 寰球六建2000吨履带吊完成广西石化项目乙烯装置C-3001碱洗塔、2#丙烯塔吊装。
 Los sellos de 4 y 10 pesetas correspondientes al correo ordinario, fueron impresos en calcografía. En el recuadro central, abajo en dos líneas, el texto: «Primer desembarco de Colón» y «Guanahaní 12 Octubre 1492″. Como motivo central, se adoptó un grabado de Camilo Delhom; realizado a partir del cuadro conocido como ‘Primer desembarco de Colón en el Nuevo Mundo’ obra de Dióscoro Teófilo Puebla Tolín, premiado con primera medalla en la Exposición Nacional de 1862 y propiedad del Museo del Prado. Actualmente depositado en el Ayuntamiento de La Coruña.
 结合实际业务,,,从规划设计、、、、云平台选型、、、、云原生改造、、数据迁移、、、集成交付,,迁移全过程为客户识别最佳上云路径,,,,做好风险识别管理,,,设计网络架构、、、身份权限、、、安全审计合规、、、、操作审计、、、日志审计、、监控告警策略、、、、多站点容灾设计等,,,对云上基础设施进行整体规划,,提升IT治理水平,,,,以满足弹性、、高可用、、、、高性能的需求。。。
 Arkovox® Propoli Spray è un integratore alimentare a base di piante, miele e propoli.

* * *

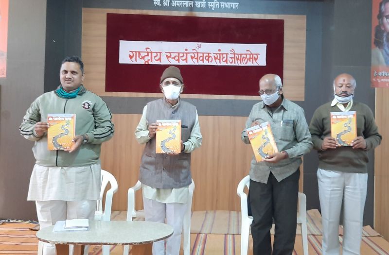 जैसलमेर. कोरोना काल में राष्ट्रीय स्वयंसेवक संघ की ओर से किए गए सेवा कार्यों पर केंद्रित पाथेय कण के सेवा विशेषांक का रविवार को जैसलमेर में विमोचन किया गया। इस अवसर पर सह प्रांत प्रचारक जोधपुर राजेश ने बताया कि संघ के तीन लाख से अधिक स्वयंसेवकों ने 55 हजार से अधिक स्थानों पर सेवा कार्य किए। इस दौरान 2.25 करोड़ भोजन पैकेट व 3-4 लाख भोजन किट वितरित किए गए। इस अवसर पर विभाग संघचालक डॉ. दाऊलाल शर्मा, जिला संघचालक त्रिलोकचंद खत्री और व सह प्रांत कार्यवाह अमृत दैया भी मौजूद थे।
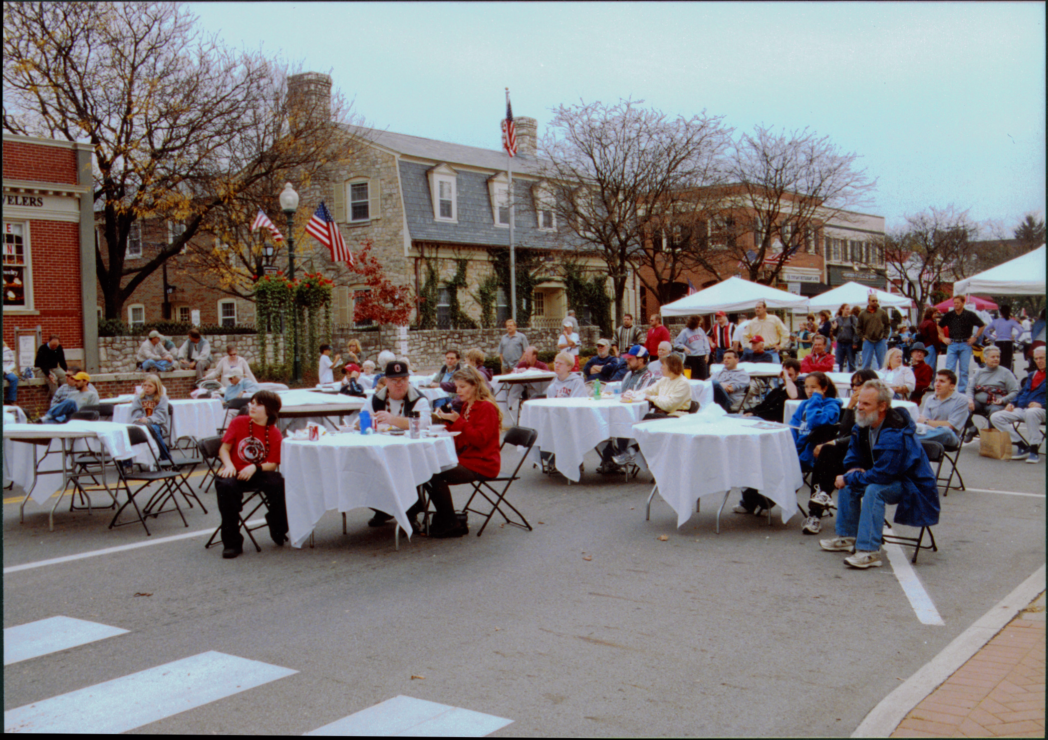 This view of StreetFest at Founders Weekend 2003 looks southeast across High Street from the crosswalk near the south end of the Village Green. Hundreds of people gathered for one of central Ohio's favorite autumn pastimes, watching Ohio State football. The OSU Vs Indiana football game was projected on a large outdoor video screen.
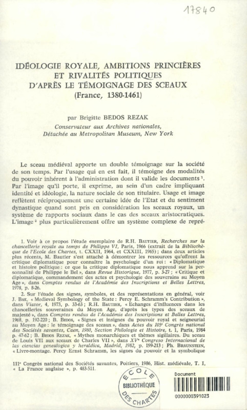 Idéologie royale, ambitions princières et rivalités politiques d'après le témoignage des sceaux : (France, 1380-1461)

> Assignment
Above are the lines; repeat exactly the ones from the line containing "寰球六建2000吨履带吊完成" down to the line containing "Arkovox® Propoli Spray", both inclusive.

> Exercise answer
 寰球六建2000吨履带吊完成广西石化项目乙烯装置C-3001碱洗塔、2#丙烯塔吊装。
 Los sellos de 4 y 10 pesetas correspondientes al correo ordinario, fueron impresos en calcografía. En el recuadro central, abajo en dos líneas, el texto: «Primer desembarco de Colón» y «Guanahaní 12 Octubre 1492″. Como motivo central, se adoptó un grabado de Camilo Delhom; realizado a partir del cuadro conocido como ‘Primer desembarco de Colón en el Nuevo Mundo’ obra de Dióscoro Teófilo Puebla Tolín, premiado con primera medalla en la Exposición Nacional de 1862 y propiedad del Museo del Prado. Actualmente depositado en el Ayuntamiento de La Coruña.
 结合实际业务,,,从规划设计、、、、云平台选型、、、、云原生改造、、数据迁移、、、集成交付,,迁移全过程为客户识别最佳上云路径,,,,做好风险识别管理,,,设计网络架构、、、身份权限、、、安全审计合规、、、、操作审计、、、日志审计、、监控告警策略、、、、多站点容灾设计等,,,对云上基础设施进行整体规划,,提升IT治理水平,,,,以满足弹性、、高可用、、、、高性能的需求。。。
 Arkovox® Propoli Spray è un integratore alimentare a base di piante, miele e propoli.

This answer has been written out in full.